John Fairfield Dryden (August 7, 1839 – November 24, 1911) was the founder of the Prudential Insurance Company and a United States senator from New Jersey. He was known as the "father of industrial insurance".

Early life 
Dryden was born in Temple, Maine on August 7, 1839. He moved in 1846 with his parents to Worcester, Massachusetts.  He graduated from Worcester Academy and later attended Yale College.

Career
In 1875, he founded the Widows and Orphans Friendly Society (now Prudential Financial) in Newark, New Jersey, becoming its first secretary and in 1881 its president, serving in the latter position until his death in 1911. His son Forrest succeeded him as president, serving until 1922.
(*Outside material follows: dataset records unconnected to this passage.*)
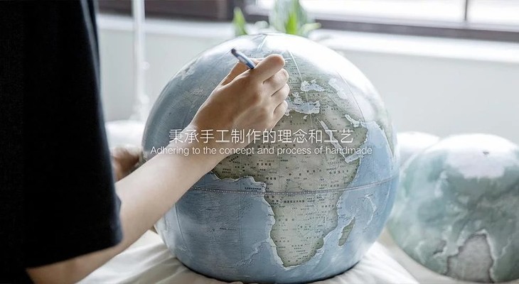 我们的贴图师将国标高清图纸经手工剪裁,划线,定位,拉伸等多道特殊工艺处理后,让每片图纸都平整地贴合在球体表面,让每一片海洋陆地都归属他们应处的位置,经纬线相互衔接。这个过程中,纸张的厚度,纹理,湿度,手掌的力度,每一个环节都不能忽视。真实图纸贴制的球体质感与塑料PVC印制的球体完全不同,其厚重感和高档品质才能衬托出家居环境的艺术氛围。当然,我们的每一套图纸都有国家标准审图号、书号,地图信息完整、准确。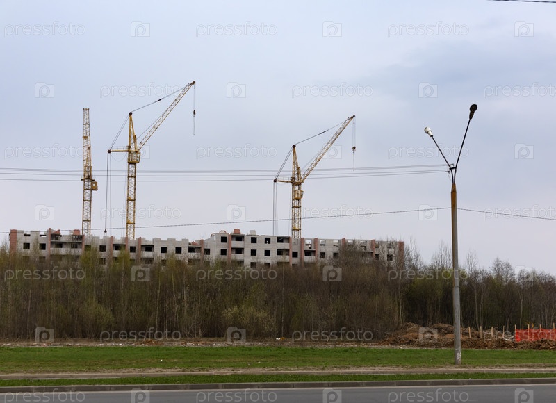 Строительная площадка с множеством кранов на фоне неба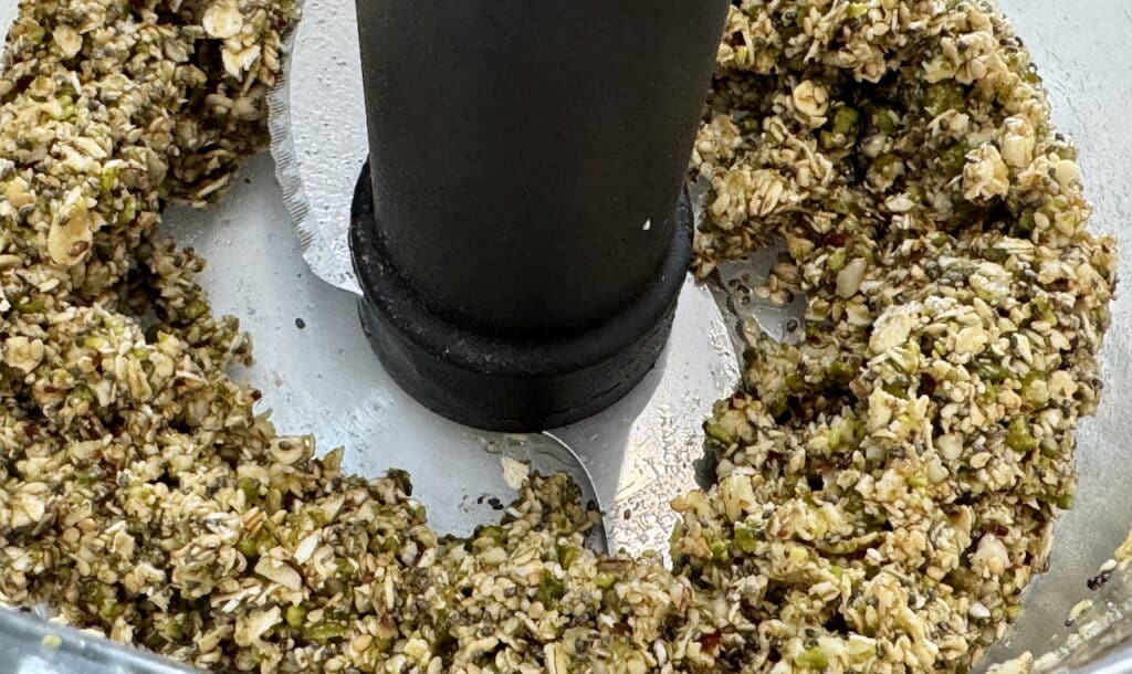 - Add oats, chia, sesame seeds, salt and the butter-honey mixture.

Dryden was one of the founders of the Fidelity Trust Company and was involved in the establishment and management of various street railways, banks, and other financial enterprises in New Jersey, New York, and Pennsylvania.

Political career
He was elected as a Republican to the U.S. Senate to fill the vacancy caused by the death of William J. Sewell, serving from January 29, 1902, to March 3, 1907. Dryden was a candidate for reelection but withdrew because of a deadlock in the state legislature, which at the time elected U.S. Senators. While in the Senate, he was chairman of the Committee on Relations with Canada (57th Congress) and a member of the Committee on Enrolled Bills (58th and 59th Congresses).

Personal life
Dryden was married to Cynthia Jennings Fairchild (1842–1916). Together, they were the parents of:

 Forrest Fairchild Dryden (1864–1932), who married Grace Marion Carleton (1865–1936).
 Susan Fairchild "Susie" Dryden (1870–1932), who married prominent businessman and philanthropist Anthony R. Kuser.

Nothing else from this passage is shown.